The Python package wraps the Rust core in polars_readstat_rs and exposes a Polars-first API. The project includes cross-library parity tests and roundtrip checks to reduce regressions.

The Rust engine is generally faster for many workloads, but performance varies by file shape and options. If you need the legacy C/C++ engine, use version 0.11.1 (see the prior version).

Why use this?

  • In project benchmarks, the new Rust-backed engine is typically faster than pandas/pyreadstat on large SAS/Stata files, especially for subset/filter workloads.
  • It avoids the older C/C++ toolchain complexity and ships as standard Python wheels.
  • API is Polars-first (scan_readstat, read_readstat, write_readstat, write_sas_csv_import).

Install

pip install polars-readstat

Core API

1) Lazy scan

import polars as pl
from polars_readstat import scan_readstat

lf = scan_readstat("/path/file.sas7bdat", preserve_order=True)
df = lf.select(["SERIALNO", "AGEP"]).filter(pl.col("AGEP") >= 18).collect()

2) Getting metadata

from polars_readstat import ScanReadstat

reader = ScanReadstat(path="/path/file.sav")
schema = reader.schema      # polars.Schema
metadata = reader.metadata  # dict with file info and per-column details
lf = reader.df              # LazyFrame — same as calling scan_readstat(path)

metadata is a dict with a columns list. Each column entry includes:

  • "name" — column name
  • "label" — variable label (description), if present
  • "value_labels" — dict mapping coded values to label strings, if present

3) Write (Experimental)

Writing support is experimental and compatibility varies across tools. Stata roundtrip tests are included; SPSS roundtrip coverage is limited. Please report issues.

from polars_readstat import write_readstat, write_sas_csv_import

write_readstat(df, "/path/out.dta")
write_readstat(df, "/path/out.sav")
write_sas_csv_import(df, "/path/out/sas_bundle", dataset_name="my_data")

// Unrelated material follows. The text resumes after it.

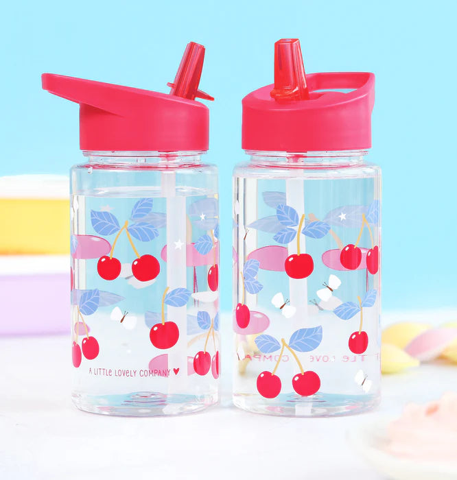 De transparante drinkfles met kersendesign is ideaal om mee te nemen naar school of onderweg. De drinkfles voor kinderen heeft een handige drinktuit en lekt niet. Zo kan je kindje de fles gerust meenemen in zijn of haar tas.

write_readstat supports Stata (dta) and SPSS (sav).
Use write_sas_csv_import for SAS-ingestible output (.csv + .sas import script). Binary .sas7bdat writing is not currently supported.

Docs

View the docs at https://jrothbaum.github.io/polars_readstat/ for more information on the options you can pass to the scan and write functions.

Benchmark

Benchmarks compare four scenarios: 1) load the full file, 2) load a subset of columns (Subset:True), 3) filter to a subset of rows (Filter: True), 4) load a subset of columns and filter to a subset of rows (Subset:True, Filter: True).

Benchmark context:

  • Machine: AMD Ryzen 7 8845HS (16 cores), 14 GiB RAM, Linux Mint 22
  • Storage: external SSD
  • polars-readstat (rust engine v0.12.4) last run: February 24, 2026; comparison library timings for SAS/Stata (v0.11.1) last run August 31, 2025
  • Version tested: polars-readstat 0.12.4 (new Rust engine) against polars-readstat 0.11.1 (prior C++ and C engines) and pandas and pyreadstat
  • Method: wall-clock timings via Python time.time()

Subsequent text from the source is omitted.